"How did your life change if you have as much money as Bill Gates?" Is this sentence correct?
I am a teacher of English in Japan. I happened to see a weird sentence from a notebook of my student. It says,
"How did your life change if you have as much money as Bill Gates?"
And my fellow teacher approved this sentence.
But I think I should say like,
"How would your life change if you had as much money as Bill Gates?"
Is the sentence on the title correct? I need your opinion please.
Solution 1:
There are two issues: Tense agreement and construction of a conditional.
The first sentence is not correct because there is not tense agreement between the verbs “did...change” (past tense) and “have” (present).

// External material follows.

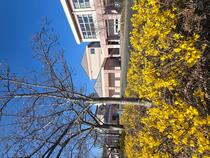 朝、校門で学校運営協議会委員の熊谷さんとともに生徒を迎えました。生徒たちと笑顔で挨拶を交わしていました。校門に入るとレンギョウの花が鮮やかに咲いていました。春ですね。

A second reason is that the construction “How...if...” calls for a conditional, so “would” is a better auxiliary than “did.” Conditional Verbs
Conditional verbs can be used in the past, present, or future tense, and auxiliary verbs like can/could, will/would, and may/might are important in forming conditionals.
So even with tense agreement “How did your life change if you had as much money as Gates?” would still not be perfect.
The sentence you propose, "How would your life change if you had as much money as Bill Gates?" is perfect.
Solution 2:
English is remarkably plastic. One can wrench many seemingly ungrammatical statements into line by providing suitable context or by specifying an unusual point of view.
In your fellow-teacher’s example, we could posit this hypothetical context:
- he (or any pronoun you prefer) is as rich as Bill Gates, and has been for a long time;
- he experienced a significant change, such as becoming a lot more calm or frantic, or generous or miserly, or perhaps found faith, etc;
- the speaker is amazed at the change, thinking that such a change is unheard of in a man of wealth.
The speaker then expresses that amazement by asking the question your fellow-teacher approved. The change is in the past, and the wealth is in the ‘timeless’ or ‘continuing’ present, so the question correctly expresses the speaker’s intent.
With that same context, your alternative wouldn’t express the speaker’s intent.
However, because there is some conceivable context for each question that validates that question, both questions are grammatical.
Instead of asking whether the bare question of whether a sentence is correct, it might be more useful to have the student or teacher express the context (using any convenient language), and then ask whether the English sentence fits that context.